Rieckhoff's address was planned, facilitated and promoted by John Kerry's presidential campaign. I don't know what Rieckhoff's experience was or wasn't in Iraq, but in all the time that I was there, I did not see what he saw. To the contrary, I saw armor save the lives of American soldiers and Marines. Morale was high, supplies were sufficient.

 

And when Kerry was finished exploiting Rieckhoff, he climbed into the echo chamber and said he was "disturbed and troubled" by the "disgraceful" abuses committed at Abu Ghraib prison and insisted that the president immediately "owed the world an explanation," since the response of the administration has been "slow and inappropriate."

 

Give Kerry this much -- he's got chutzpah.

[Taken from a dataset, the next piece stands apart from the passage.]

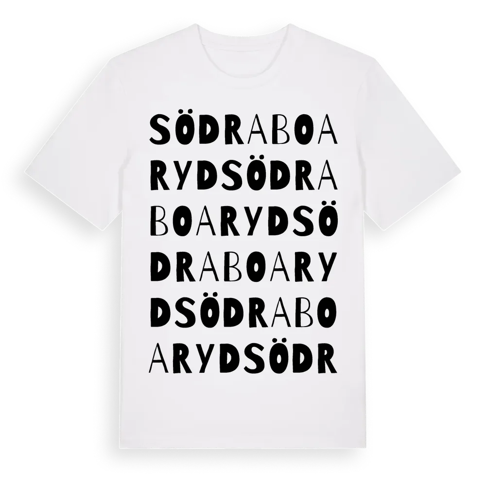 Södra Boaryd ordlek t-shirt är inspirerad av byn Södra Boaryd i Kronobergs län, Sverige. Tröjan är designad för dig som har en speciell koppling till platsen – oavsett om du bor här, har rötterna här eller bara älskar Södra Boaryd.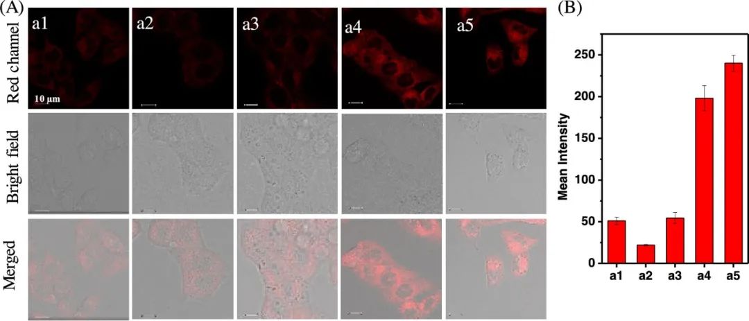 图2. (A) 染色 DSMN(10 μM)的细胞图像。细胞(a1) 仅用 DSMN 染色 0.5 小时;(a2) 与 FA(200 μM)孵育 30 分钟,然后用 DSMN 染色 0.5 小时;(a3) 与 FA(200 μM)孵育 30 分钟,然后与 GSH(500 μM)和 Na2S2O3(250 μM)孵育 0.5 h,然后用 DSMN 染色 0.5 h;(a4 和 a5)分别用 60 和 90 μM Na2SO3 孵育 0.5 h,然后用 DSMN 染色 0.5 h。(B) 图像(a1-a5)的荧光定量。红色通道:λex/λem = 633/(670-750) nm。

It's an interesting demand from a man who said he committed "atrocities" in Vietnam; knew of others who committed atrocities; and 30 years later has never explained himself, or explained why, as an officer, he failed to hold those accountable for crimes they supposedly committed.

 

The media's feeding frenzy around the Abu Ghraib prison photos and Kerry's exploitation of Rieckhoff are creating a false impression of what is really happening on a wide scale in Iraq.

 

Over the past two years, I have spent nearly six months with U.S. forces in Iraq, Afghanistan and throughout the Middle East. During the march to Baghdad last year, I saw hundreds of Iraqis taken prisoner -- many of whom turned themselves in to American forces knowing they would fare better in U.S. custody than in Saddam's army. They were all treated humanely.

 

In battle, I watched a Marine risk his life to rescue a wounded Iraqi woman. Troops in the units with which I was embedded treated the Iraqi people with dignity and respect. U.S. forces have played soccer with the kids, befriended the Iraqi people and built schools with supplies sent by the American public. I've seen Marines give their last MREs to hungry Iraqi children.

 

I've also seen why these troops are in Iraq. I've looked into Saddam's mass graves -- a site that makes you sick to your stomach. I saw the videotaped evidence of atrocities committed by Saddam, Uday and Qusay -- tapes showing innocent Iraqis having their tongues cut out, or being blindfolded, bound and marched off the edge of two and three story buildings. I saw Iraqi schools turned into ammunition depots and mosques used as bunkers.

 

After Sept.11, I visited the Pentagon and Ground Zero. I've met some of the families whose lives were changed forever that day.

 

Yes, some soldiers made mistakes at Abu Ghraib prison. They will be held accountable, and rightfully so. But those mistakes are an aberration of the highest order compared to the thousands of acts of kindness that U.S. troops are showing to the Iraqi people daily. Let's keep it in perspective, and remember who the real enemy is.